Records for processing ::
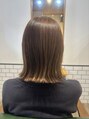 肩に少し付くくらいのミディアムボブで自然に外はね♪カラーは退色を生かしてハイライト風でナチュラルにおしゃれ感を。柔らかくベージュで仕上げました。
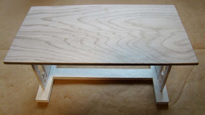 The structure has two slatted porch sections. Those were painted in a medium gray and glued in place.
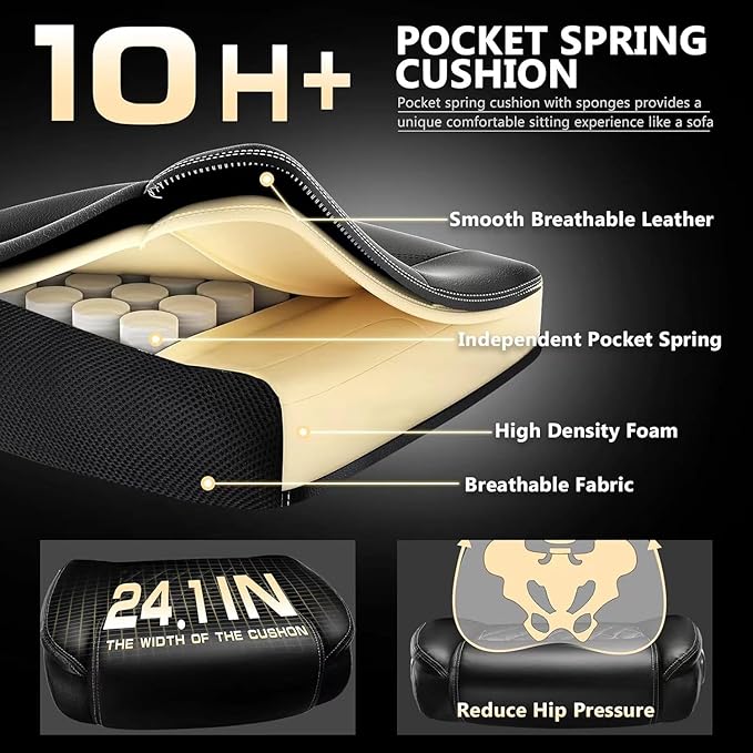 - 👉【Extra Wide Breathable PU Leather Large Office Chair】:Our executive office chair is equipped with a spring cushion to reduce hip pressure. The extra-wide chair backrest and independent lumbar support gently wraps your body and supports your lower back, thoughtfully designed to keep you comfortable during long hours of working, studying or gaming.
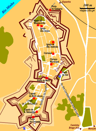Portuguese King Afonso III (1210-1279), an enthusiastic proponent of eradicating Moors from his lands (as well he should have been), bestowed the much more pleasant-sounding name of Valença on the town of our current interest in the mid-13th century. |
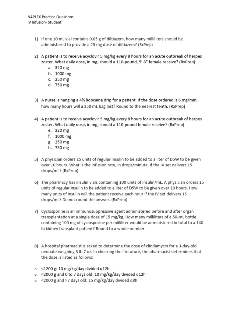 2) A patient is to receive acyclovir 5 mg/kg every 8 hours for an acute outbreak of herpes
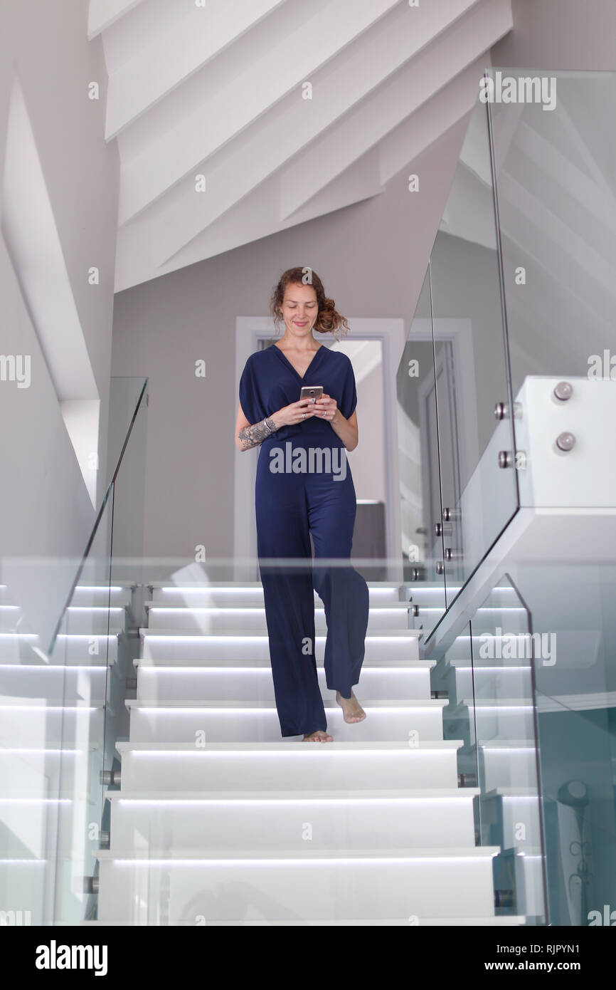Young Woman Coming Down Modern Stairway Looking At Smartphone

What you have to do :: Emit the lines of the material exactly, from its first line to the line containing "- 👉【Extra Wide", inclusive; leave every picture out.

Written reply ::
 肩に少し付くくらいのミディアムボブで自然に外はね♪カラーは退色を生かしてハイライト風でナチュラルにおしゃれ感を。柔らかくベージュで仕上げました。
 The structure has two slatted porch sections. Those were painted in a medium gray and glued in place.
 - 👉【Extra Wide Breathable PU Leather Large Office Chair】:Our executive office chair is equipped with a spring cushion to reduce hip pressure. The extra-wide chair backrest and independent lumbar support gently wraps your body and supports your lower back, thoughtfully designed to keep you comfortable during long hours of working, studying or gaming.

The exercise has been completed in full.